3% des transferts sont investis
Le Maroc a été l’un des tous premiers pays d’Afrique à élaborer une politique active à destination de sa population émigrée. Aujourd’hui, l’un des objectifs, en plus de maintenir les transferts d’argent des MRE, est d’accroître la part de ces transferts attribuée à l’investissement. « En 2005, seuls 7,7% des transferts étaient investis et la proportion de MRE qui a investi au Maroc a même tendance à baisser. En 2005, 53% d’entre eux l'ont fait, contre 70% en 1998 », indique Bachir Hamdouch, professeur à l’INSEA-Université Mohammed V, à Rabat, et auteur de deux études sur les investissements des Marocains Résidant à l’Etranger (MRE).

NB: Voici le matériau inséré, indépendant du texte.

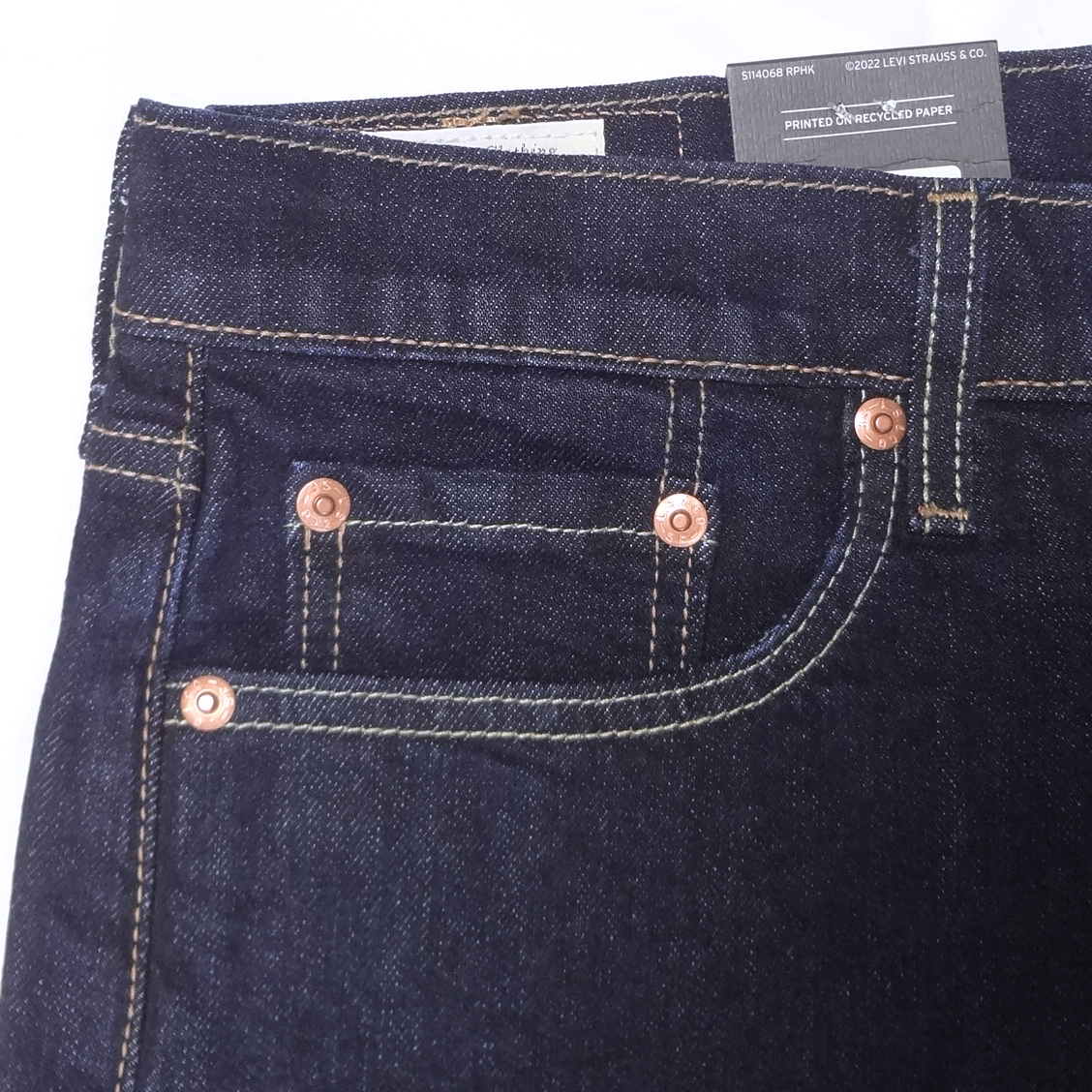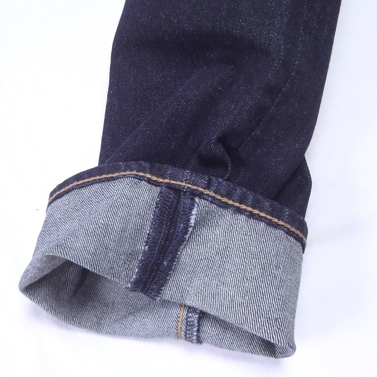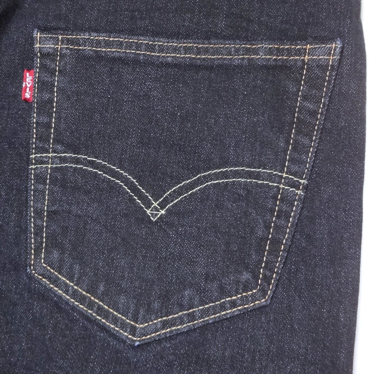 ・ビックEレッドタブ、フロントジッパー、アーキュエットステッチ、5ポケットリベット、レザーパッチ
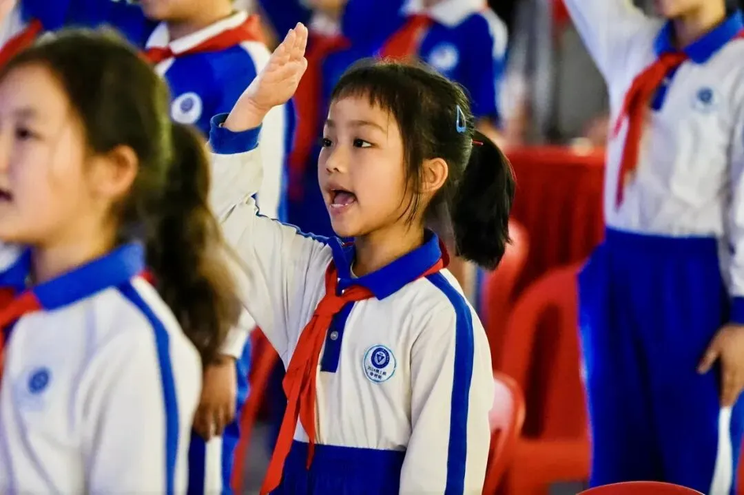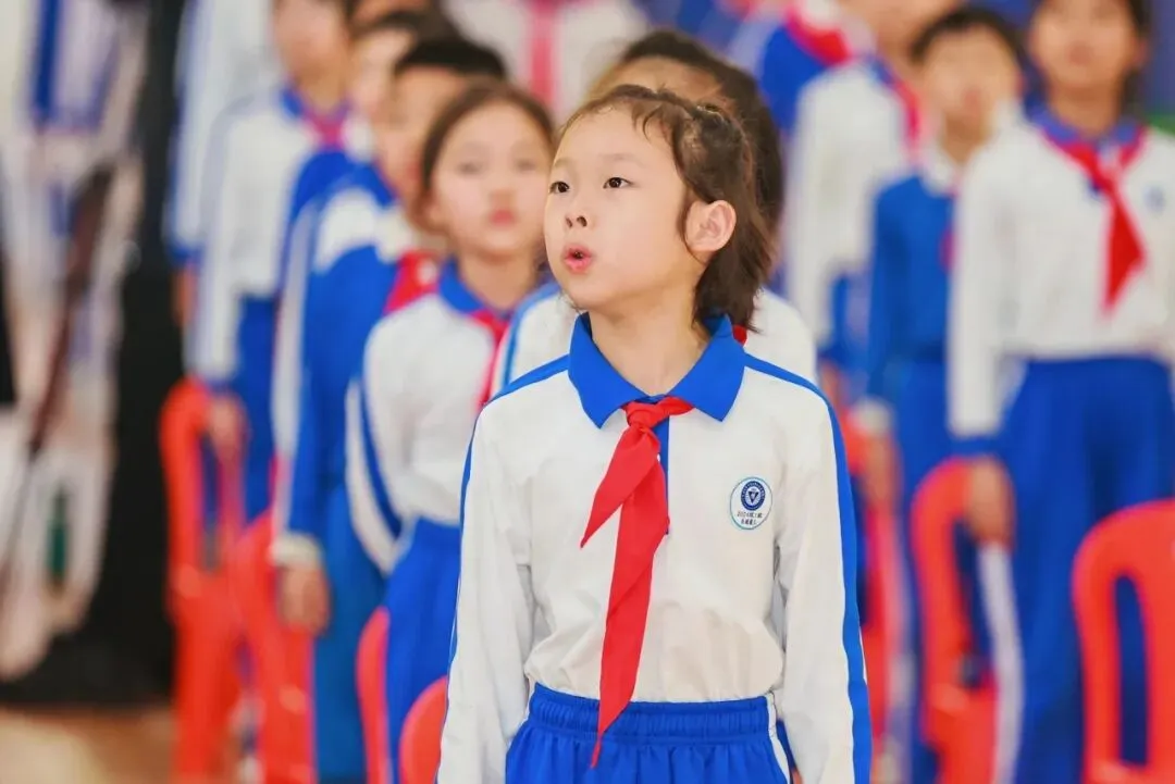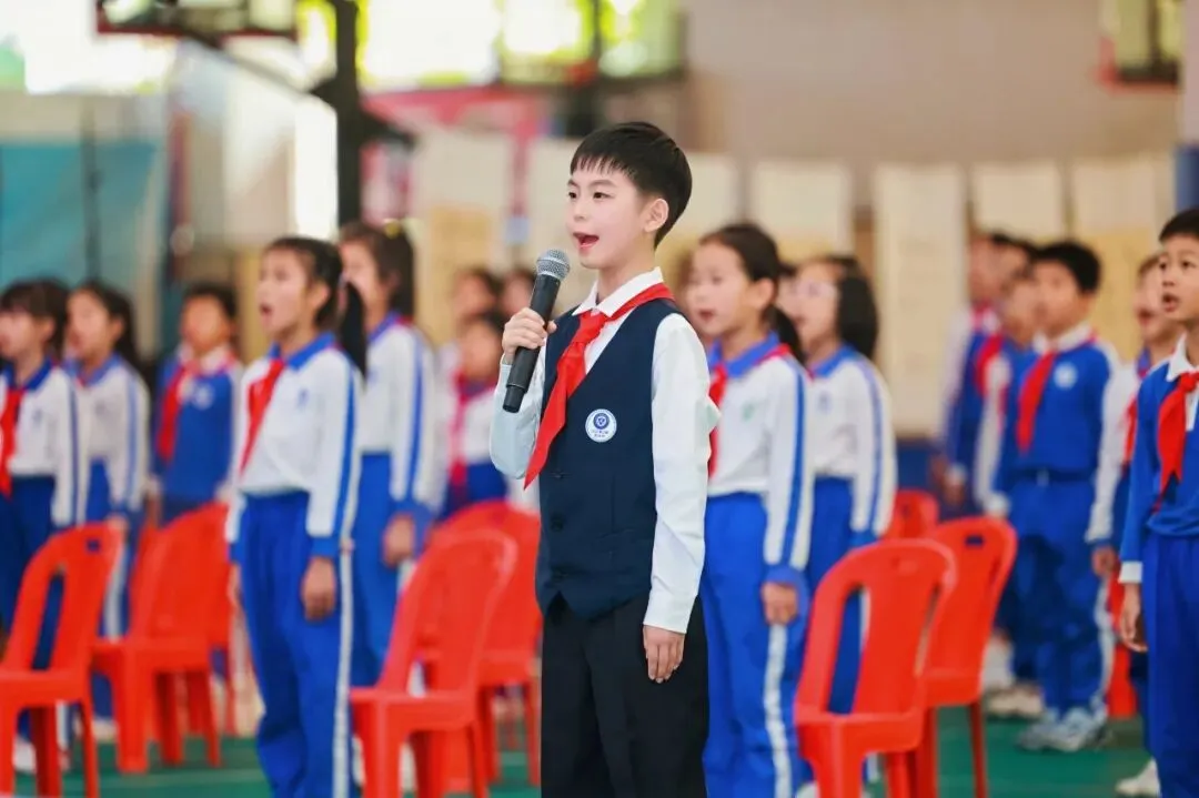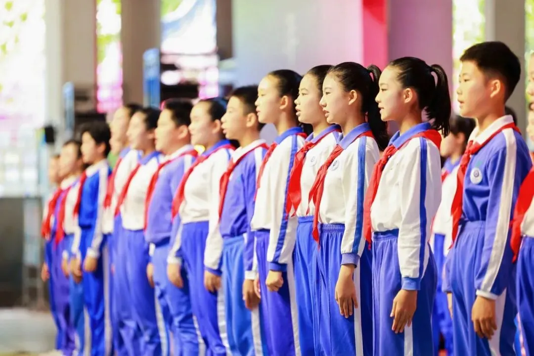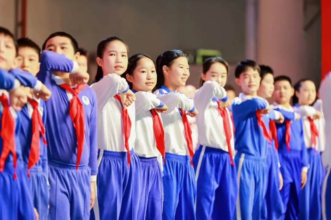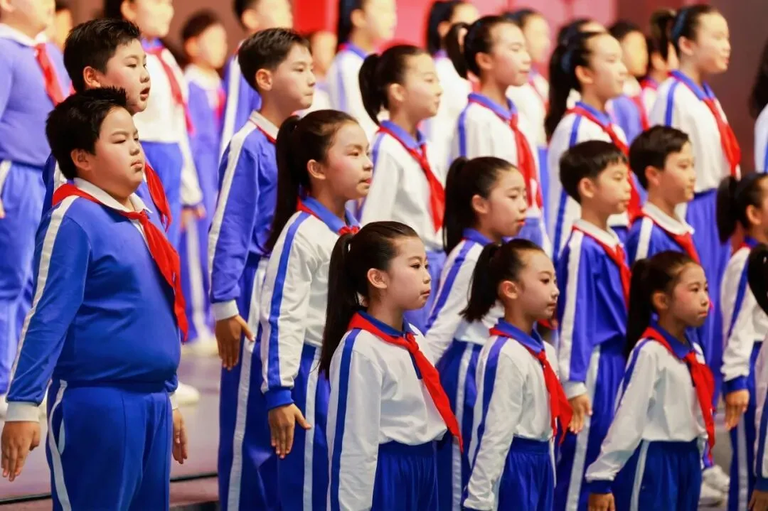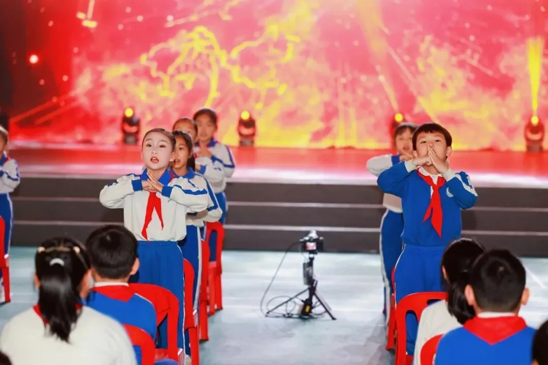 活动尾声,警世钟声三响,一响铭记历史,二响敢为人先,三响振兴中华。全体少先队员高举右拳,庄严宣誓,“为实现中华民族伟大复兴的中国梦,时刻准备着!”。全场齐唱《歌唱祖国》,巨幅国旗投影铺展,定格庄严时刻。
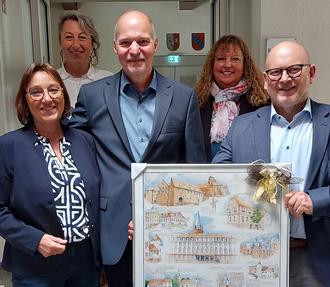 Landrat Frank Matiaske (rechts) dankt Martin Müller für seine langjährige, kompetente Mitarbeit und überreicht ihm ein Bild mit Odenwälder Sehenswürdigkeiten. An der Feierstunde nahm auch Müllers Ehefrau Doris Waldeck-Müller (links) teil. Ihren Dank sprachen auch die Gleichstellungsbeauftragte Petra Karg (zweite von links) und die Personalratsvorsitzende Britta Ziefle aus.
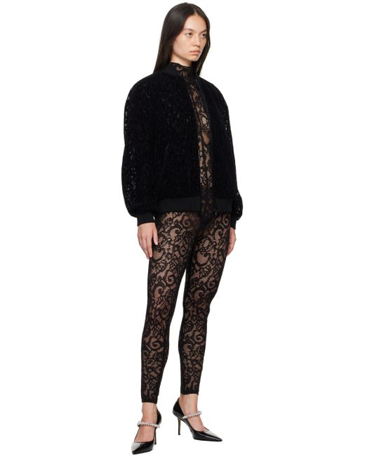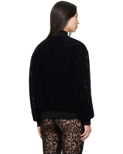Semi-sheer cotton-blend devoré velvet and lace bomber jacket. · Rib knit stand collar, hem, and cuffs · Zip closure · Zip pockets · Full tulle lining Supplier color: Black
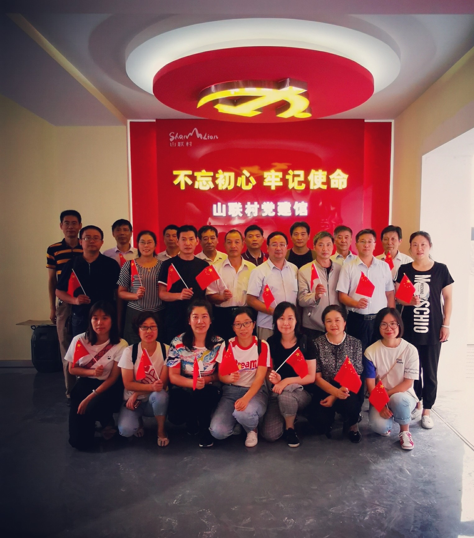 到达山联村后,党员们参观山联村党建馆,党建馆主要分为“知党、爱党、颂党”“聚心、聚智、聚力”“引领、引导、引路”三个部分,最有特色的是山联村的“三色党建”工作法。山联村坚持以党建为引领,充分发挥党组织的凝聚力、战斗力和创造力,紧抓乡村振兴机遇,大力发展特色农作物种植与加工,并以此为契机,推动农业和旅游业创新发展,提升强村富民成效。新老村委领导班子共同努力,全村百姓共同参与,经过十多年的辛勤耕耘,使山联村从曾经的闭塞小村,一跃成为全国村镇的典范,探索出一条新农村建设与经济发展、生态旅游,以农富农相得益彰的具有“山联特色”的蜕变之路,实现了“金色山联”的美好愿望。
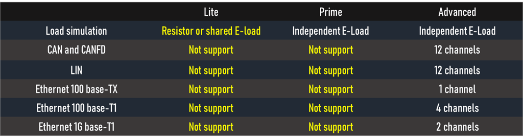 Default load is 250ohm resistor, can can switch to shared e-load 0~5A. All support fault injection test.
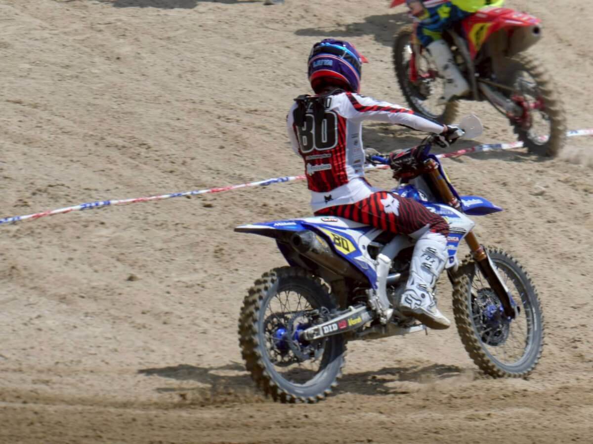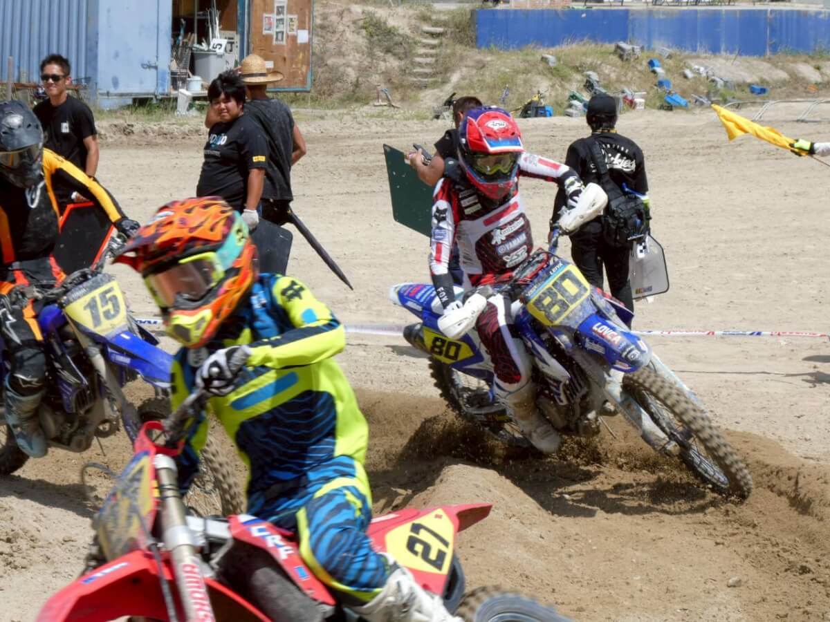 モトクロスは横並びでスタートして時間内の周回数を競います。決勝レースでは第1ヒートと第2ヒートの2回走行し、2レースの合計ポイントで総合順位が決定されます。

Selon Abdelaziz Maazouz, cette proportion a même encore baissé et s’établit aujourd’hui à 3% des transferts. Toiutefois, selon le chercheur, 20,9% des transferts des MRE sont, encore aujourd’hui, déposés à la banque. Une proportion élevée qui rend optimiste : 20% d’épargne, c’est autant qui peut être investi de manière productive.

Investir en famille ?
Selon Thisara Devasurendra, chargé de mission économique au sein de l’association Migration et développement, à Marseille, partenaire du programme FACE en France, deux profils se dessinent aujourd’hui parmi les investisseurs MRE. « Il y a ceux qui préparent leur retraite au Maroc et qui vont investir dans l’immobilier, l’élevage, dans les régions rurales… Et ceux qui ont une perspective de business qui ressentent des difficultés professionnels ou économiques en France et qui se disent, en même temps, qu’ils ont quelque chose à apporter au Maroc en termes de ressources humaines, de management, de technologies… », décrit-il.
Ces Deux profils types peuvent se confondre en un seul projet, comme c’est le cas dans la famille Ait M’Barek. « Mon père, retraité, a eu l’idée de construire une piscine municipale à El Malt, dans son village, près de Taliouine, raconte M. Ait M’Barek, et nous lui avons dit que ce serait bien de faire une auberge également sur le site et, de cette façon, mes frères et sœurs et moi-même nous nous sommes greffés sur son projet. Qui voulait créer une boutique de souvenir, qui organiser des treks … »
Aujourd’hui, la piscine est presque finie et l’auberge est sur plan. Le père de famille, après 45 ans de travail en France a mis toutes ses économies dans ce projet « et il va même vendre un appartement qui lui appartient pour le poursuivre. Au total on a budgétisé l’ensemble à 350 000 euros d’investissement », explique M. Ait M’Barek. Un projet monté de toute pièce par la famille hors de tout soutien financier public.